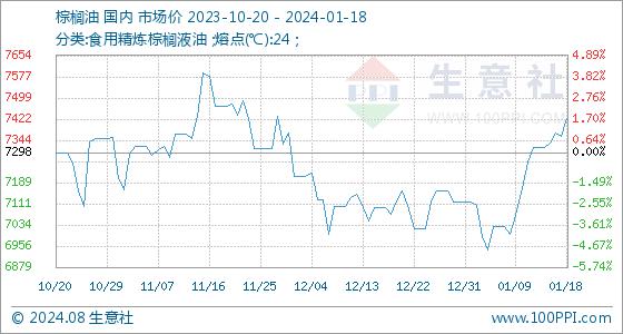 1月18日,生意社棕榈油基准价为7358.00元/吨,与本月初(7120.00元/吨)相比,上涨了3.34%。
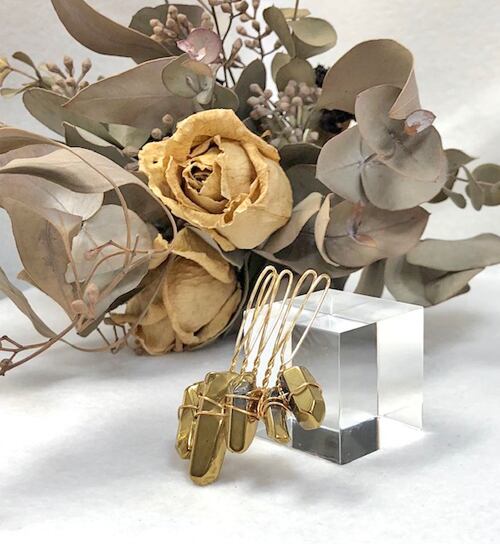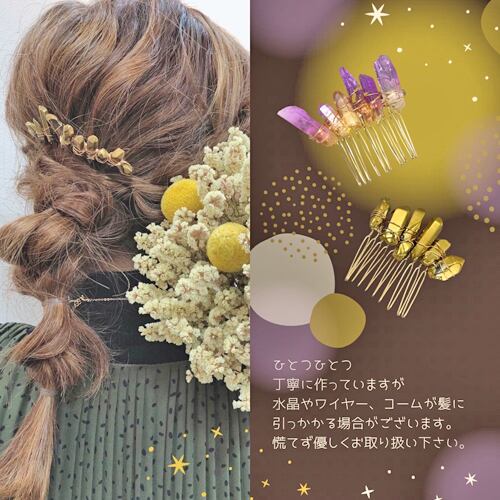 【 商品詳細 】◆商品コード PHA-121 ◆商品名 氷柱水晶 ヘアアクセサリー ゴールドカラー 5本足 ゴールドカラータイプ ◆アイテム ヘアコーム 5本足 ゴールドカラー ◆価格 ¥1,210- ◆サイズ ・全体 約53×40 ・天然石部分 約23〜42×8〜14×9〜14mm前後(個体差があります) ・コーム部分 ゴールドカラー 5本足 約2.3cmx3.5cm ◆備考 丁寧に作っていますが水晶やワイヤーが髪に引っかかる場合がございます。慌てず優しくお取り扱い下さい。1つ1つちがう形の水晶を固定するためワイヤー使用量や巻き方も全て違います。商品画像をご覧になって、ご検討くださいませ。
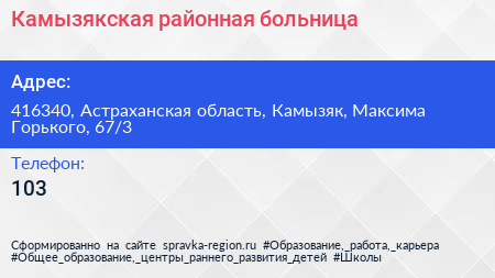 Камызякская районная больница по адресу 416340, Астраханская область, Камызяк, Максима Горького, 67/3 в дальнейшем Организация, размещена в следующих категориях:
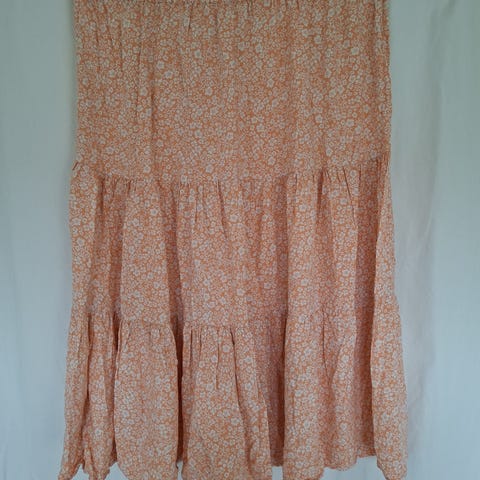 •Blomstrete skjørt, med blomster i forskjellige rosafarger .
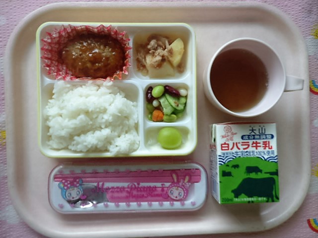 ホクホクじゃが芋★ツナと一緒に! ★ごはん ◆●煮込みハンバーグ ★◆●ツナじゃが ●ビーンズサラダ ●ぶどう ※あたたかいご飯・カレーはおかわり自由です。 ※牛乳は希望者のみです。 ★熱や力になるもの ◆血や肉になるもの ●体の調子を整えるもの ツイート
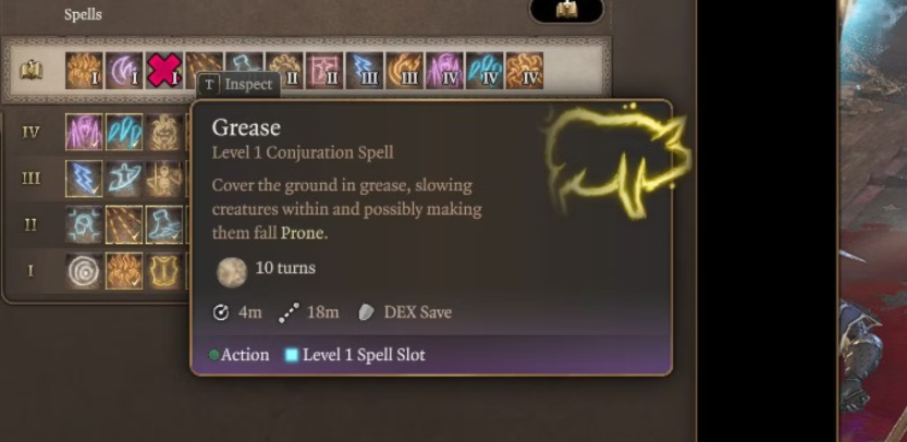 이는 주문을 시전하는 것과 동일하지는 않지만 정확히 동일한 AoE 효과를 갖습니다. 그리스 병을 던지면 지형이 어려움으로 변경되어 아무런 피해도 입히지 않지만 캐릭터를 쓰러뜨릴 수 있는 기회가 있습니다. 그들은 공격하거나 이동할 수 없으며 행동을 소비하거나 다음 차례가 일어날 때까지 기다려야 합니다.
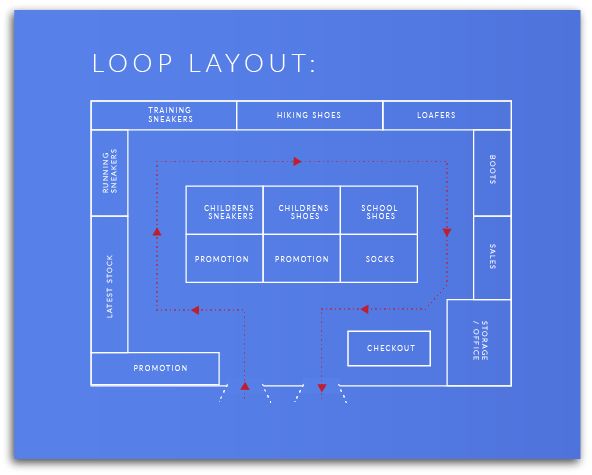 The loop layout allows you to give maximum efficiency to your store while looping the customers in. It gives you more access to influence the customer to your brand story, and of course, you should make sure to end the story with the happy ending known as the cashier.
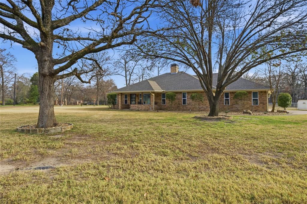 Beautiful 3-bedroom, 2-bath home featuring an open floor plan with a vaulted living room ceiling and a full masonry fireplace. Recent updates include luxury vinyl plank (LVP) flooring, new gutters, updated bath vanities, and recently painted interior. The oversized two-car garage is large enough to accommodate a standard four-door truck and includes a separate storage shop with a A-C vent. The storage area features double doors and is spacious enough to store a golf cart. Situated on three lots, the property offers a new fence and an irrigation system supplied by a private water well. Located in the Enchanted Oaks community, part of Eustace ISD, residents enjoy access to a pool, playground, dog park, boat launch, and designated boat storage areas. This is a rare opportunity that combines space, modern updates, and an exceptional community lifestyle—conveniently located near local shopping and restaurants. Some images have been enhanced for grass & trees. Water well for irrigation only not potable water. Detailed list of property improvements available. Information Deemed Reliable but Not Guaranteed, Buyer's Agent to Verify All Information
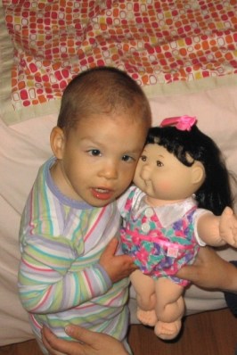 Kasey – the Cabbage Patch doll who has sacrificed an entire head of hair so that Little could keep her own – is out of hair.  We got Little a new doll (with red hair, just like she requested) but she won’t sleep with her.  I made her leave Naomi (the doll was named after the new cousin) on the bed tonight and she screamed as if she were being terrorized.  As soon as I made it to the bottom of the stairs I heard a noise that I am pretty sure was Naomi hitting the floor.
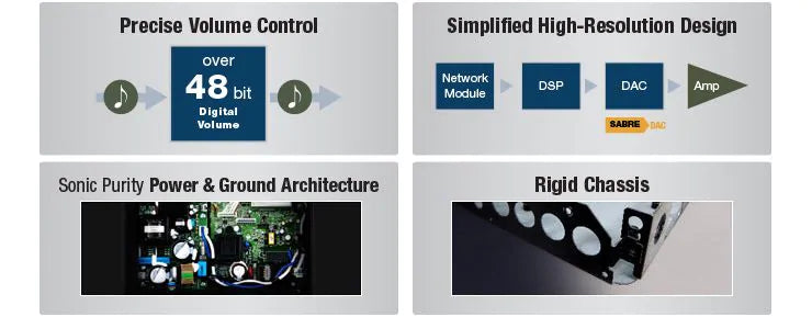 Yamaha’s relentless pursuit of sonic purity is clearly evident in the engineering of the WXA-50. The preamp circuitry uses the same high-performance ESS digital-to-analog converter (DAC) found in high-end Yamaha AV receivers and a proprietary power supply ground configuration prevents sound degradation. A 48-bit digital volume control provides much greater precision and quality than conventional controls. A highly-rigid metal chassis supplies the stability necessary for clear, powerful music reproduction.
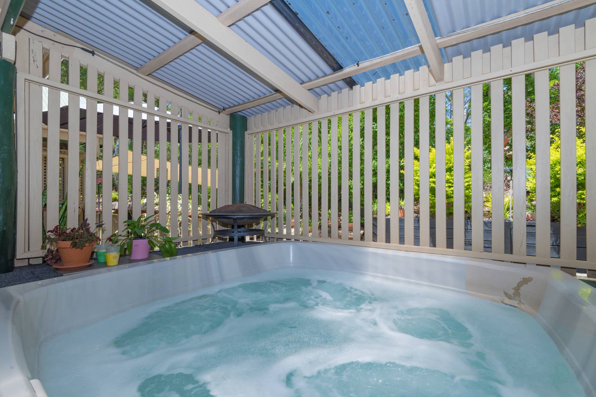 The two remaining bedrooms and study are back downstairs along with the outdoor spa situated on the picturesique deck.
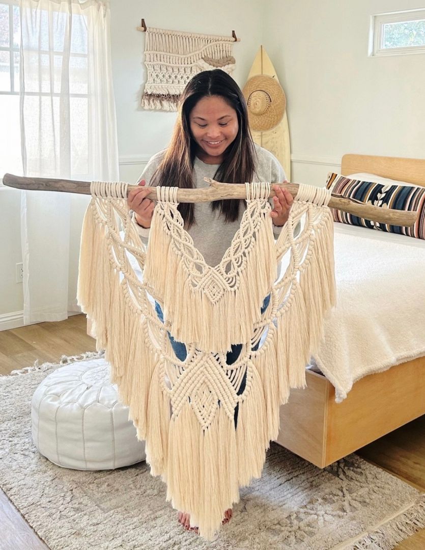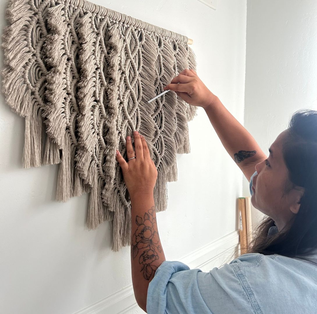 I’m truly proud of this aspect of my work. Being mindful of our environment and surroundings and how I can contribute in a positive way. I work with primarily fiber arts creating macrame wall hangings or woven tapestries. With every piece I create, I maintain a deep understanding of sustainability and its impact on future generations. By doing so, I utilize zero-waste cotton cord, recycled materials, or items found in nature. It’s important for me to never over purchase materials and use fiber in many various ways.
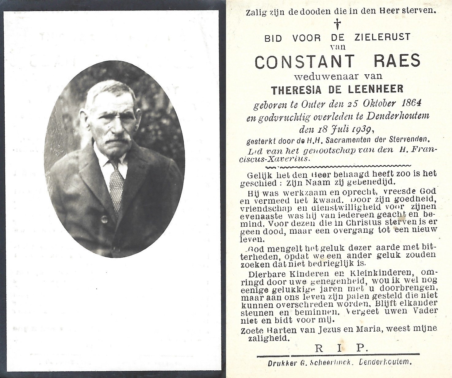 | Raes Constant | De Leenheer Theresia | Outer | 25/10/1864 | Denderhoutem | 18/07/1939 |
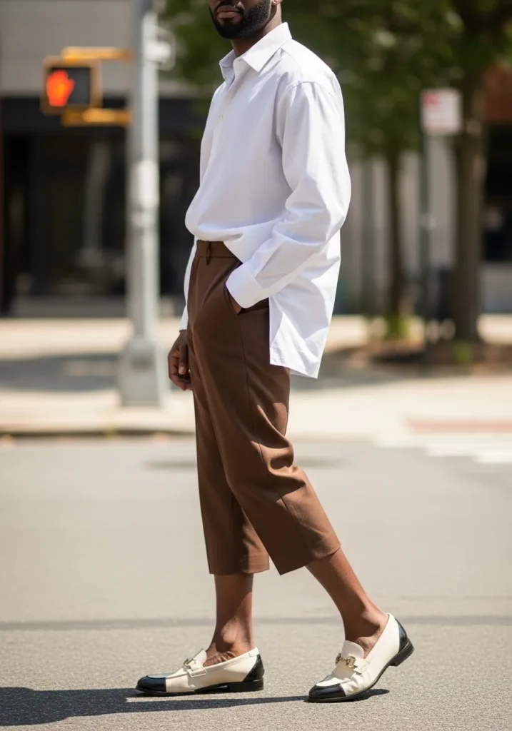 This outfit feels sharp and modern in the most effortless way. He is wearing tailored brown trousers with a cropped length that shows just a hint of ankle, giving the whole look a contemporary edge. The pants have clean pleats and a smooth structured fabric that holds its shape beautifully. On top, a slightly oversized white button down shirt adds contrast and freshness. The two tone loafers in cream and black bring personality and polish without feeling overdone. The overall vibe is sleek, confident, and quietly bold.
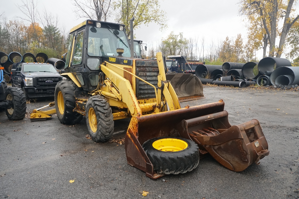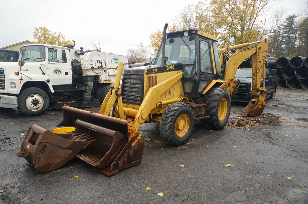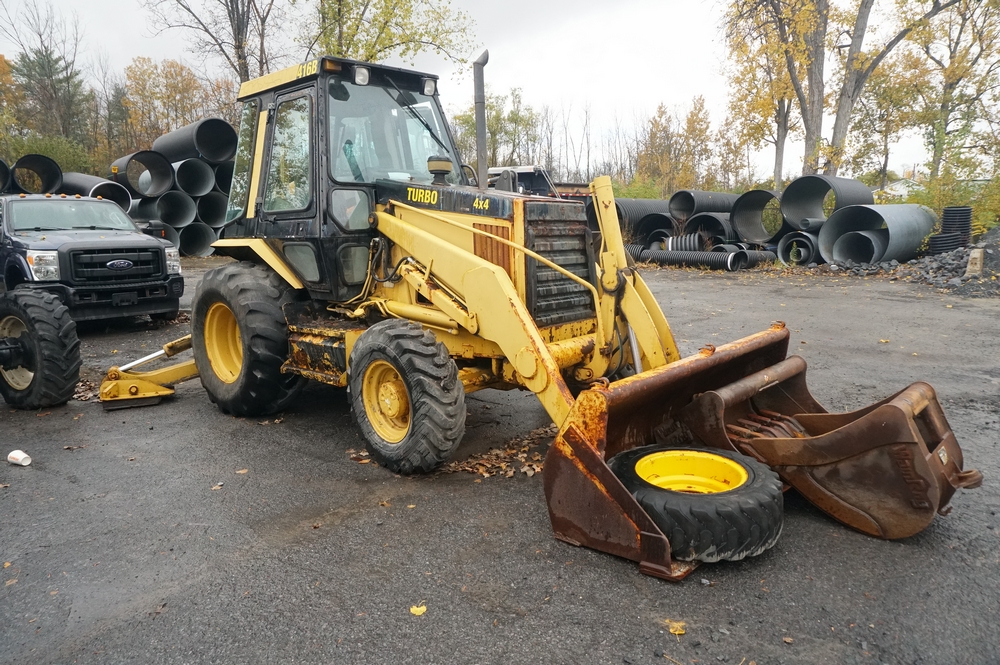Items include 2015 Ford F350 XLT, 1993 Caterpillar 416b Backhoe Loader, 2010 Freightliner M2112V Dump Truck, Guardian Power Drill Press, 2008 Volvo VHD648 Dump Truck, 2001 Mid-Atlantic Dump Body Trailer, and more. Items are located in Plattsburgh, NY.
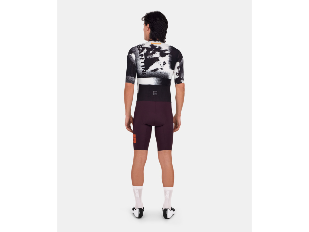 SANTINI Madss (MEGA AERODYNAMIC SPEED SHELL) je profesionální závodní kombinéza, která přináší bezkonkurenční aerodynamický výkon. Vyrobena z lehké a prodyšné Lycra tkaniny, která zajišťuje příjemný pocit svěžesti a dokonale přiléhá k tělu jako druhá kůže. Nízký límec a aerodynamické rukávy s čistě střiženými okraji zajišťují přesné a stabilní usazení.
----
**Directions:** Would you please repeat the lines above exactly, from the first line of the listing through the line holding "Beautiful 3-bedroom, 2-bath", with nothing added and no pictures?

**Response box:**
 1月18日,生意社棕榈油基准价为7358.00元/吨,与本月初(7120.00元/吨)相比,上涨了3.34%。
 【 商品詳細 】◆商品コード PHA-121 ◆商品名 氷柱水晶 ヘアアクセサリー ゴールドカラー 5本足 ゴールドカラータイプ ◆アイテム ヘアコーム 5本足 ゴールドカラー ◆価格 ¥1,210- ◆サイズ ・全体 約53×40 ・天然石部分 約23〜42×8〜14×9〜14mm前後(個体差があります) ・コーム部分 ゴールドカラー 5本足 約2.3cmx3.5cm ◆備考 丁寧に作っていますが水晶やワイヤーが髪に引っかかる場合がございます。慌てず優しくお取り扱い下さい。1つ1つちがう形の水晶を固定するためワイヤー使用量や巻き方も全て違います。商品画像をご覧になって、ご検討くださいませ。
 Камызякская районная больница по адресу 416340, Астраханская область, Камызяк, Максима Горького, 67/3 в дальнейшем Организация, размещена в следующих категориях:
 •Blomstrete skjørt, med blomster i forskjellige rosafarger .
 ホクホクじゃが芋★ツナと一緒に! ★ごはん ◆●煮込みハンバーグ ★◆●ツナじゃが ●ビーンズサラダ ●ぶどう ※あたたかいご飯・カレーはおかわり自由です。 ※牛乳は希望者のみです。 ★熱や力になるもの ◆血や肉になるもの ●体の調子を整えるもの ツイート
 이는 주문을 시전하는 것과 동일하지는 않지만 정확히 동일한 AoE 효과를 갖습니다. 그리스 병을 던지면 지형이 어려움으로 변경되어 아무런 피해도 입히지 않지만 캐릭터를 쓰러뜨릴 수 있는 기회가 있습니다. 그들은 공격하거나 이동할 수 없으며 행동을 소비하거나 다음 차례가 일어날 때까지 기다려야 합니다.
 The loop layout allows you to give maximum efficiency to your store while looping the customers in. It gives you more access to influence the customer to your brand story, and of course, you should make sure to end the story with the happy ending known as the cashier.
 Beautiful 3-bedroom, 2-bath home featuring an open floor plan with a vaulted living room ceiling and a full masonry fireplace. Recent updates include luxury vinyl plank (LVP) flooring, new gutters, updated bath vanities, and recently painted interior. The oversized two-car garage is large enough to accommodate a standard four-door truck and includes a separate storage shop with a A-C vent. The storage area features double doors and is spacious enough to store a golf cart. Situated on three lots, the property offers a new fence and an irrigation system supplied by a private water well. Located in the Enchanted Oaks community, part of Eustace ISD, residents enjoy access to a pool, playground, dog park, boat launch, and designated boat storage areas. This is a rare opportunity that combines space, modern updates, and an exceptional community lifestyle—conveniently located near local shopping and restaurants. Some images have been enhanced for grass & trees. Water well for irrigation only not potable water. Detailed list of property improvements available. Information Deemed Reliable but Not Guaranteed, Buyer's Agent to Verify All Information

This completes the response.